The improvement is striking! The real GMVAE with proper inference achieves the best performance out of all three models. I ran the same experiment multiple times. By the 1000th epoch, five out of six replicates achieved accuracy performances above 80%. One of them even achieved an accuracy of 95%! Surprisingly, our real GMVAE managed to outperform the “GMVAE(M=1) K=10” model both in terms of best run and average run (and does about as well as the “GMVAE(M=10) K=10” model). Also, in constrast to the models from the paper, I didn’t have to rely on convolutional layers, Consistency Violation, or \(\eta\), which I consider a personal victory. *blows knuckles*
To get a better comparison of the models, I also superimposed all three model performances. In doing so, we actually get to see something pretty interesting. If we look at the middle Variational Loss v. Epochs plot, M2 achieves the best loss value despite its poor clustering ability. Modified-M2, on the other hand, has a constrained generative model which led to higher variational loss but better clustering. While not definitive, I think this lends further credence to the hypothesis that M2 chooses a Gaussian Mixture variational family over a Gaussian Mixture manifold because the former leads to lower variational loss.

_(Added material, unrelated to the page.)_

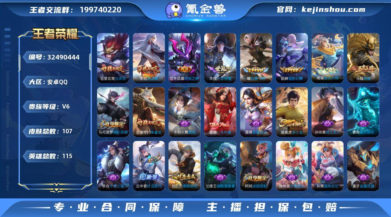 安卓Q-V6-永恒钻石II段位-115英雄-107皮肤-6传说-24史诗【传说皮肤】:曜云鹰飞将,李信一念神魔,貂蝉猫影幻舞,百里玄策白虎志,李白凤求凰,宫本武藏地狱之眼【限定皮肤】:狄仁杰阴阳师,赵云皇家上将,阿轲迷踪丽影,芈月重明,夏侯惇朔风刀,曹操烛龙,马可波罗暗影游猎,狄仁杰魔术师,狄仁杰万华元夜,达摩沙漠行僧,项羽海滩派对,老夫子醍醐杖,露娜一生所爱,刘邦夺宝奇兵,牛魔御旌,李元芳云中旅人,雅典娜单词大作战,鬼谷子原初探秘者,百里玄策白虎志,百里守约朱雀志,弈星混沌棋,沈梦溪大漠名商,明世隐疑决卦,裴擒虎李小龙,米莱狄御霄,云中君纤云弄巧,盾山御銮,猪八戒西部大镖客,蒙犽狂想玩偶喵,鲁班大师探海日志,桑启海盐诗旅,张良古海寻踪,鬼谷子天穹祈灯【年限皮肤】:李白凤求凰,百里玄策白虎志,百里守约朱雀志【赛季限定】:曹操烛龙,芈月重明,米莱狄御霄,牛魔御旌,盾山御銮,夏侯惇朔风刀,弈星混沌棋,明世隐疑决卦,老夫子醍醐杖,鬼谷子原初探秘者,狄仁杰万华元夜,达摩沙漠行僧,沈梦溪大漠名商,李元芳云中旅人,桑启海盐诗旅,鲁班大师探海日志,张良古海寻踪,鬼谷子天穹祈灯【战令限定】:阿轲迷踪丽影,刘邦夺宝奇兵,马...

These experiments helped me get a better understanding of what’s going on behind the scenes of deep generative models that use variational inference. Making these tiny tweaks only to the generative model and arriving at vastly different model behaviors speaks volumes about the importance of really grokking deep generative models and deep amortized variational inference.
If we really only cared about building a deep generative model, we probably won’t care much about whether certain latent variables are being pruned so long as we get a good log-likelihood score. However, if the plan is to repurpose the inference model for a downstream task such as classification or interpretable representations, we should pay more attention to how we set up both the inference and generative models. On that note, I think there is still value in the Consistency Violation term because it gives us explicit control over what the generative model is doing. We can think of CV almost like a prior imposed on the behavior of the generative model, and I imagine it being very valuable once we move to deeper DLGMs or more mixture components. I would also not be surprised if applying CV to the real GMVAE leads to even better clustering performance.
But hopefully, I’ll never see a term like \(\eta\) ever again. Because I think there are definitely more elegant and insightful ways of getting the generative model to do what we want.